Earlier this week we discussed the Arsenal Milan match, where an on-form Milan side were fully expected to give floundering Arsenal a bit of a hiding. The reasons we cited were mainly experienced based, where Arsenal’s wily nous and time-led experience was enough to outclass a dismal Milan whose most (read-‘only’) experienced European players were Leonardo Bonucci from his Juventus days and Lucas Biglia from his Anderlecht ones (we forgot about him at the time).
While we would not say Celtic gave Rangers anything like the hiding Wenger’s men dished out in Northern Italy today, and we would definitely testify that the gap between Rangers and Celtic has been narrowed in some contexts, the match-winning experience Celtic have in these big occasions told hugely and even more worryingly for Graeme Murty, once Celtic lost a man, it was they who benefited rather than our Govan favourites.
That first half was rip-roaring stuff. So many of Rangers’ big players showed up – Bruno Alves was colossal in defence, while Declan John and James Tavernier raged up and down their respective flanks, and the Sean Goss partnership with Greg Docherty bloomed further, not to mention Jamie Murphy’s menace down the left.

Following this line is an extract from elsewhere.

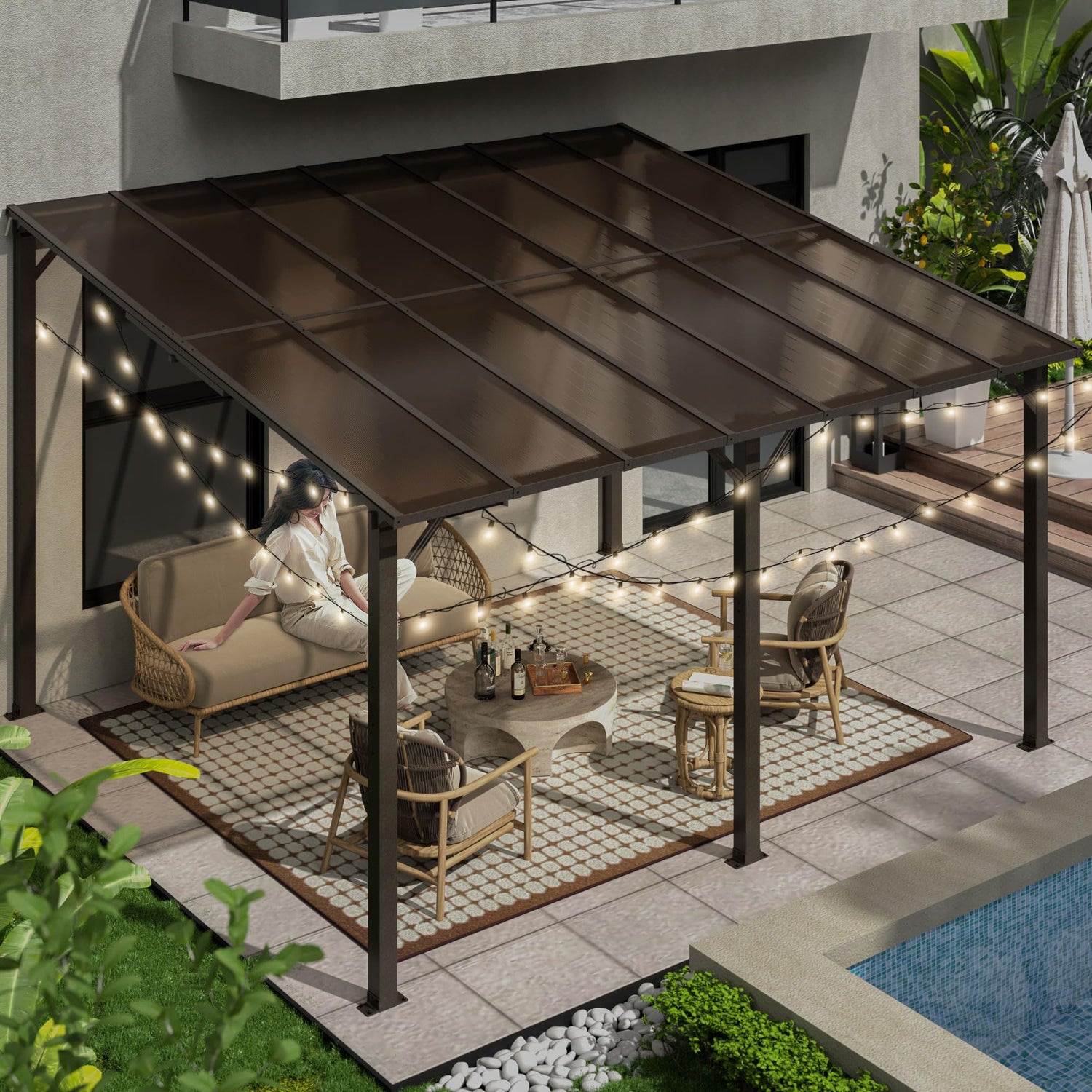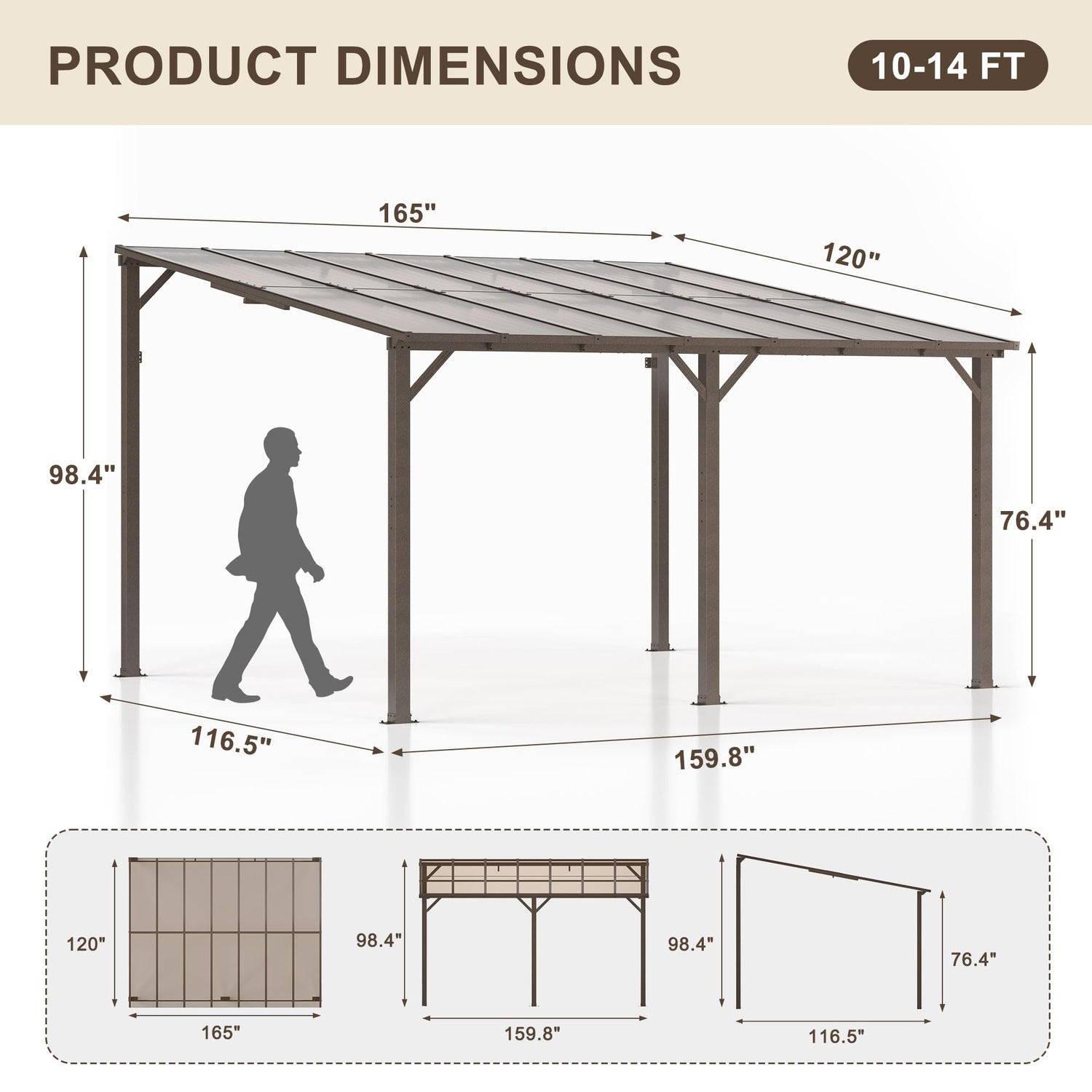 VIWAT 10' x 14' Gazebo, Outdoor Gazebos on Clearance with Aluminum Frame, Wall Mounted Gazebo & Pergola, Lean to Gazebo Awnings for Patio, Decks, Porch and Backyard

Daniel Candeias and Josh Windass were both bizarrely quiet and ineffective outwith their goals though, and for all his sterling work deeper in attack, Alfredo Morelos will come out this Old Firm making all the wrong headlines.
But overall, it was a boisterous first half and Rangers maybe even shaded it marginally.
But once Celtic lost a man, Rangers lost their way.
Whatever the reasons, whether it was Graeme Murty’s inability to strategise for facing a team down to 10 men, whether it was Rangers’ players legs running out of gas, Celtic more or less strolled their way to the finish line.
The experience from the East End told as they held Rangers easily at bay, and while many will point to Morelos’ staggering open goal miss (not his first by any means) that would only have salvaged a draw, rather than any real bragging rights.
This was a match in which Brendan Rodgers’ experience told, while his players’ Old Firm winning mentality carried them through.
Rangers’ loss of all punch, quality and zest in the final 25 minutes was absolutely stunning and the players almost looked like they had given up. Ibrox was a very flat venue once Eduard stroked in the winner.
Are Rangers on the right path? We thought they were, but events the past week gave us a different perspective. We can say the gap to Celtic, bizarrely despite the backwards step of Graeme Murty’s first loss to Rodgers, has narrowed a bit, and the Light Blues gave a far better fist of the match.
That much is pleasing. But Celtic remain the benchmark and until this Rangers era learns how to beat them, the gap will never fully close.